Portland's Urban Growth Boundary
Without suburbs, statewide political discussions evolved into a system of two distinct powers: rural farmers and city dwellers.  These two demographic forged a usually unexpected coalition.  One side seeks to protect the state’s agricultural economy while the other wants to promote city density.  Agricultural Republicans fight off dominating pressures from suburbs.  Environmentalist Democrats work to limit sprawl’s land consuming impacts.  The two create a powerful alliance with a common goal to concentrate development in the Portland’s center.  State programs advocate for the preservation of farmland alongside strict definitions of urban growth boundaries.  Since agricultural and density ideals are not in conflict, as often times these politically polarizing topics can be, the Farm Bureau and the city-centric Democrats established the Land Conservation and Development Commission, forging a convenient, yet cohesive marriage in Oregon.

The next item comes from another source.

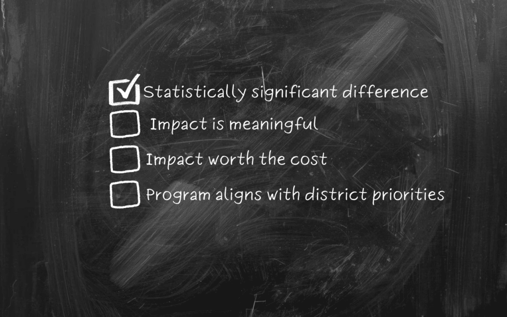 When thinking about the ROI of a particular product or program, leaders need more than proof that a difference exists. They need to know whether the magnitude of that difference is large enough to justify continued investment. They need to weigh impact against staffing demands, implementation complexity, scalability, and budget pressure.

Within the city proper, another unlikely union thrives, as both business and community interests benefit economically from a compact Portland.  Portland’s planning initiatives “focus activity on downtown.  In turn, a vital business center would protect property values in surrounding districts and increase their attractiveness for residential reinvestment.”  Property and business owners reap the financial rewards.  But communities also benefit as the central district’s “economic prosperity would support high levels of public services.”

Density inherently keeps infrastructure costs low, so the city can provide more for less.  This circularly keeps residents close to public parks and public transportation networks, which then increases the city’s ability to provide even more public services.  An uncharacteristically high 43% of Portland’s workforce travels to jobs using the city’s bus and train systems.  In another West Coast capital, Sacramento, that percentage drops to 11%.  A survey polling residents about their fears of the future of Oregon found one of top responses “becoming like California.”  Oregonians take pride in the society they have developed for themselves.

Further allying business and residential interests, mixed-use neighborhoods in Portland create a common goal atmosphere in the central business district and in communities.  This leads to the view that anyone within “five miles of the central business district” shares in the benefits of center city development and city-centric allocation of resources.  While highways typically encourage suburban sprawl, Portland’s freeway loops around the central business district instead of connecting the city to a suburban system of outer rings.  This inner-city freeway promotes the further establishment of the prominent city center.  Without adhering to suburban stakeholders, the city’s density mutually serves business and community wellbeing with one single set of jointly beneficial resources.

However, pacified political cohesion keeps the city’s development model and growth strategy from becoming a replicable standard in larger metropolitan contexts.  The same is often used in critiques of similar small cities like Vancouver.  Portland’s demographic make-up discourages suburbanization proponents as those voices get pushed to other cities in the region (the NIMBY, Not-In-My-Back-Yard, problem.)  Existing political coalitions builds unconquerable hurdles for opposition (like when voters “overwhelmingly” opted against paying for a trans-Columbia rail track).  Suburbanization will happen; just not around Portland. 

Hopes of reproducing Portland’s idealistic successes expose questions as to whether or not Portland’s growth model could sustain larger scale implementations.  Conventional thinking would suggest that a city that wins so much praise should provide an example of development and growth that others try to emulate.  But with a unique ability to build with a single, cohesive political vision, Portland efficiently invests its resources back into a city center – a home to businesses and residents alike, a home to one of America’s “most livable” cities.


*“Pull-factors,” such as the post-WWII economic boom that generally led to US suburbanization, also failed to reach Oregon, as the state experienced an industrial decline during this pivotal time period.